Zaid and Maja finally get to meet as we arrange a trip to his area of Clapham. It’s so great to see him and the energy’s high, taken to another level as the two of them hit it off massively and immediately as our table soon becomes a three person party. He’s been running live and original music events in London since the Britpop years and quite possibly before. How long before I’m not sure but he’s something of an institution and, hugely gregarious, known by just about everybody. To me, he seems happiest when creating a stage and a scene for the talent to come in and do their thing. 

We’re going to be all round this town tonight with Zaid as our faithful guide to his home area. But before we head off, he has something for us. With some ceremony, he produces an envelope, removes the sheet of paper contained inside then opens it up on the table before us. This is a handwritten list of contacts he has made just for us. What a fantastic gesture and what a treasure.

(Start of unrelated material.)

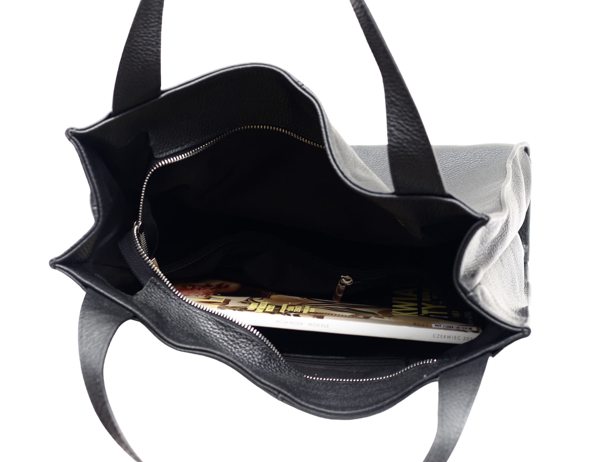 - Posiada dwie kieszenie wewnętrzne zapinane na suwak.

We carefully place it in our own bag, and yes, we will most definitely be working through it. Thankyou very much. Now to keep this party going and hit the town. We take it deep.

Day 90

Wednesday March 22

Maja’s off to Sweden. With that, we come to the beginning of the end of the beginning. As soon as she gets back, the beginning will have ended and we’ll be getting on it.

Soon after arriving at the airport, Maja sends me a photograph of the large backdrop in one of the souvenir shops. It contains two street scenes. One of a famous Camden Town landmark bridge, and one from Brick Lane of Shoreditch. 

Day 97

Wednesday March 29

Maja was supposed to be away until sometime mid to late April but things have changed and she tells me she’s coming back this Tuesday, two weeks early. This also means she’ll have to return to Sweden in early May and stay there for much of that month, but it also means we’re now available to gig from Friday April 7. Finally, we’re on.

Day 101

Sunday April 2

A little Sunday day trip to the White Hart and Kristoff’s set aside some time in his busy weekend to talk to me to see what we can do about playing here. We quickly settle on Tuesday the 18th. So, first chat and first full London gig booked. 

Day 103

Tuesday April 4

I have a few, I think, semi open people to try to visit today  so I head out to see what I can make happen there. First stop is the Bridge Bar to try to meet Rico. The place is closed when I get there but I see Rico and a few people inside down at the end and give a little knock. Rico comes out and is quite generous with a smile as he ushers me in. I remind him of when he suggested we come and play here and he says yes, he remembers. Then, with a slight and dismissive air of weary  doubt and cynicism, he says, ‘Can you show me anything of you guys?’ Yeah sure. This is the first time I’ve been asked this and I do stop to think what I’m going to show as I open up our Youtube channel. This doubt and decision making all flashes through my mind quite quickly as I know I have to jump on this immediately, and I settle on our medley video, which is this one.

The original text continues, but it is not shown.